The set opened with a few songs from their latest album, Sounds Of The Universe (2009). It’s not their best work by a long chalk (and not a patch on the previous release, 2005’s Playing The Angel). Things really kicked in with Walking In My Shoes (from 1993’s grunge-pop masterpiece Songs Of Faith And Devotion) and didn’t let up from there. Lead singer Dave Gahan was clearly enjoying himself on stage even more than usual, and songwriter Martin Gore’s vocal turns – the heartfelt ballads in the band’s oeuvre – somehow didn’t diminish the pace. Only Andy ‘Fletch’ Fletcher seemed unfazed by it all, sticking firmly to his well-honed clapping/ arms in the air/ pressing keys routine.
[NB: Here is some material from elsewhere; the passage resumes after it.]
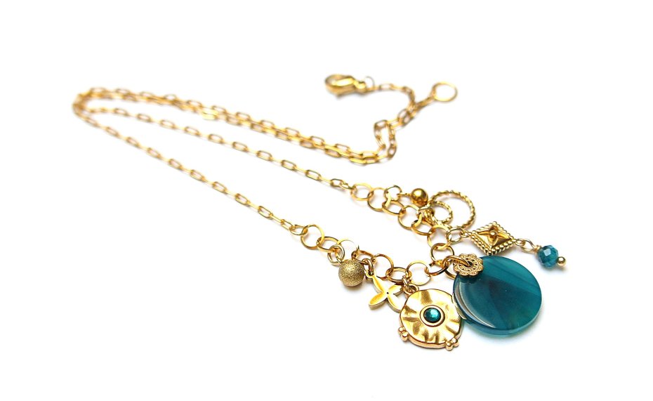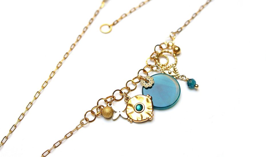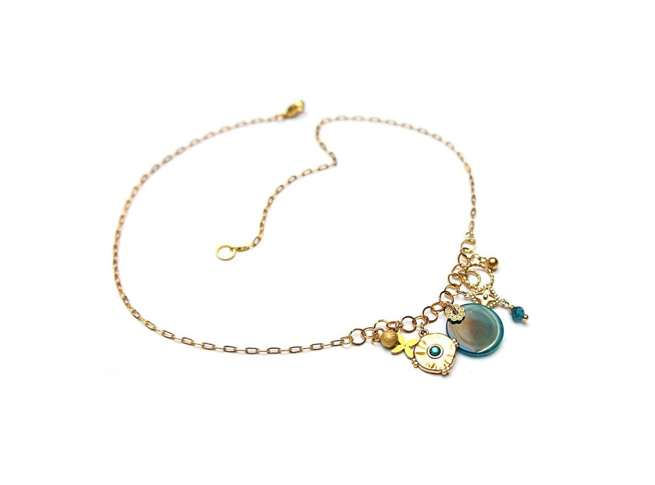 Krótki naszyjnik wykonany w całości ze stali szlachetnej pozłacanej w połączeniu z monetką żywicy [16mm], apatytem fasetowanym [4mm] oraz zawieszkami (w tym zawieszka z kryształkiem Swarovski). Całkowita długość naszyjnika ok. 42,5cm. Biżuteria ozdobnie zapakowana.

Highlights of the pre-encore set included A Question Of Time, Home (including impromptu jam over the audience’s singalong backing vocals), I Feel You and closer Never Let Me Down Again. All unimpeachable classics.

The aforementioned Something Really Amazing happened when Gore returned to the stage to perform Somebody – with former band member Alan Wilder, who left acrimoniously in 1995, accompanying on piano. This was the moment the band’s most fervent fans had waited 15 years for. I’m talking way more fervent than me by the way – but that single song undeniably created a brief period of rejoicing for the entire assembled congregation.

The set had one more mini-surprise – a rare performance of Photographic, the band’s first recording from 1980 – before finishing with a storming version of Personal Jesus.

The band are back at the O2 this weekend, but it’s from shows like this that future nostalgia is made. For a band 30 years into its career that’s not to be sniffed at.